South Carolina H. 4764 Advances, Mandating Federal Immigration Program Pacts

SC House Bill H. 4764 would require local jails to seek formal 287(g) ICE agreements, shifting immigration cooperation from voluntary to a state-level mandate.

South Carolina H. 4764 Advances, Mandating Federal Immigration Program Pacts
Key Takeaways
  • South Carolina’s H. 4764 aims to mandate 287(g) agreements for all local law enforcement agencies operating jails.
  • Non-compliant agencies must provide annual written proof to the Attorney General explaining why they lack federal partnerships.
  • The proposal includes state-law immunity for officers acting in good faith under these federal immigration enforcement agreements.

(SOUTH CAROLINA) — As of March 25, 2026, South Carolina House Bill H. 4764 would require law enforcement agencies that operate jails or detention centers to seek formal participation in a federal immigration program, but the proposal had only advanced in the House process and had not yet become statewide law.

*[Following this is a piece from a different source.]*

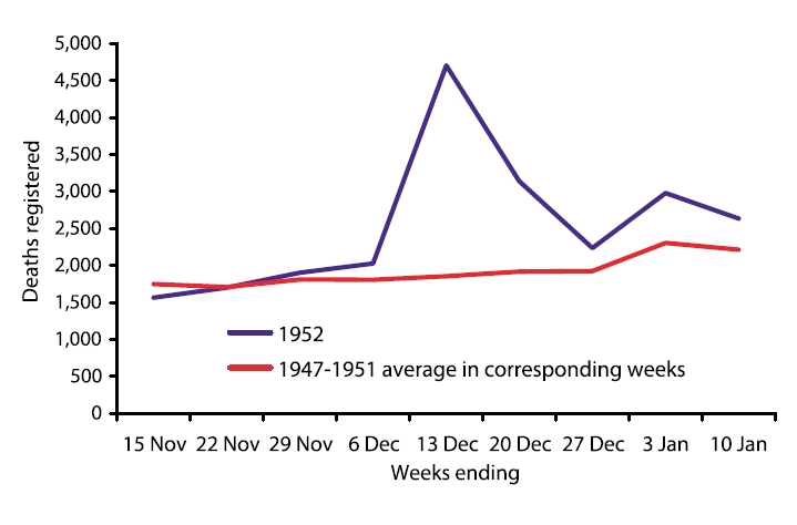 In December 1952, London experienced a catastrophe As depicted in the Netflix series The Crown (which last year aired on Chinese streaming sites) the disaster seemingly came out of nowhere, as sunny blue skies suddenly gave way to a choking, blinding, fog that enveloped the city and was more severe than anything many had seen before Lack of visibility brought normal life to a halt, with. A 10 report to the UK Parliament found that in 08 4,000 people died in London from air pollution (the same number from the Great Smog of 1952) and 30,000 died across the whole of the UK. A London bus makes its way along Fleet Street in heavy smog, 6th December 1952 (Photo by Edward Miller/Keystone/Hulton Archive/Getty Images) A woman leads a car through London’s Regent’s Park with a torch, during the thick fog with visibility reduced to a few yards.

That distinction matters. In practical terms, H. 4764 is a state proposal tied to cooperation with U.S. Immigration and Customs Enforcement through agreements authorized by INA § 287(g), 8 U.S.C. § 1357(g). A bill’s movement to the House floor may signal momentum, but it does not itself change duties for every sheriff, jail, or local police department in South Carolina.

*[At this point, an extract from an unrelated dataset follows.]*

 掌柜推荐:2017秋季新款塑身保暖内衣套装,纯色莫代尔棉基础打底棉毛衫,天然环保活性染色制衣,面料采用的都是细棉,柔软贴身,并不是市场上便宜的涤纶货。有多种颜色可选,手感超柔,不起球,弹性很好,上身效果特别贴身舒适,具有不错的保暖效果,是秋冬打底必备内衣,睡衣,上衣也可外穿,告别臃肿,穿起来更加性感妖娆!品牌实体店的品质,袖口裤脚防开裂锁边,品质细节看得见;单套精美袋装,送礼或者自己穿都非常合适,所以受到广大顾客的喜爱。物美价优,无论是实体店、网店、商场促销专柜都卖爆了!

South Carolina H. 4764 Advances, Mandating Federal Immigration Program Pacts
South Carolina H. 4764 Advances, Mandating Federal Immigration Program Pacts

The measure, as summarized in public reporting on March 25, would move South Carolina closer to mandatory local-federal cooperation. This article addresses the bill’s text and structure, the federal policy background, and the likely effects on agencies and communities if enacted.

What H. 4764 would require

Recommended Action
Check the South Carolina Legislature website for the latest vote history before assuming H.4764 is already in effect. A bill can advance to the floor, be amended, or stall before becoming law.

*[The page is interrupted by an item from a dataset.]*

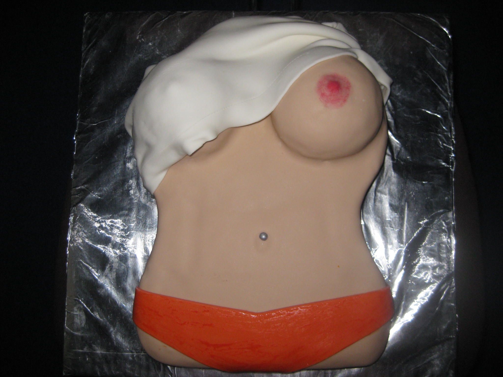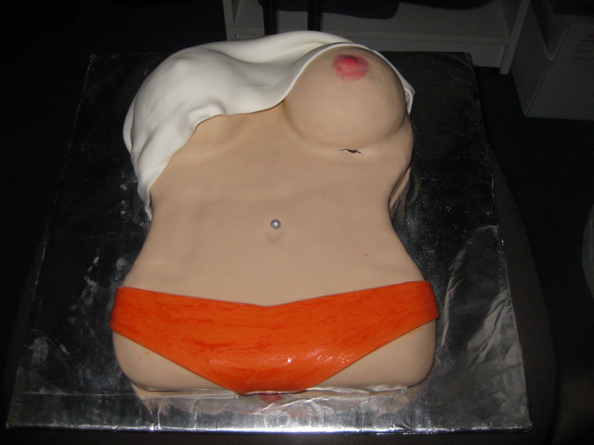 This cake was originally naked but had to cover the problem with a bra 5 minutes before the party.

H. 4764 focuses on agencies that run correctional facilities. Under the proposal, those agencies would be required to pursue or maintain a 287(g) agreement with ICE, rather than treating participation as a local option.

Section 287(g) of the Immigration and Nationality Act allows DHS to enter written agreements with state or local officers. Those officers may then perform certain immigration enforcement functions after training and under federal supervision. In many cases, these agreements are implemented through a memorandum of agreement with ICE.

H.4764 status and core mandate
1
Legislative Status
As of March 25, 2026, H.4764 had advanced to the South Carolina House floor
2
The bill would require South Carolina law enforcement agencies operating correctional facilities to enter into or pursue 287(g) cooperation agreements with federal immigration authorities
3
The proposal focuses on agencies running jails or detention facilities, not every public office in the state

The bill reportedly names three models:

  • Jail Enforcement Model, for identifying and processing potentially removable noncitizens already in custody on other charges;
  • Task Force Model, under which local officers may receive limited authority tied to field operations; and
  • Warrant Service Officer Program, which permits trained local officers to serve certain federal administrative warrants within a jail setting.

In practical terms, compliance would likely require agency leadership to decide which model fits local staffing and detention operations, communicate with ICE, complete training steps, and maintain records showing the agency sought participation.

Deadline Alert: If an agency does not yet have a 287(g) agreement, the bill would require an annual request for one and proof of that request to the South Carolina Attorney General.

That reporting piece is a major compliance feature. An agency that lacks a signed agreement would not simply be excused from action. It would need to show that it made the required request and document that effort each year.

Analyst Note
If your county jail may be affected, monitor sheriff’s office announcements, county agendas, and detention center policy notices. Local participation decisions and implementation details often appear there before residents see practical changes.

The proposal also includes state-law immunity language for officers acting in good faith under covered agreements. That does not create blanket immunity from all claims, and it would not erase possible federal constitutional issues or disputes about the scope of delegated authority. It would, however, give local officers an added state-law defense when acting within the agreement’s terms.

Federal policy statements shaping the debate

South Carolina’s bill did not arise in a vacuum. Public debate around H. 4764 has cited several recent federal statements.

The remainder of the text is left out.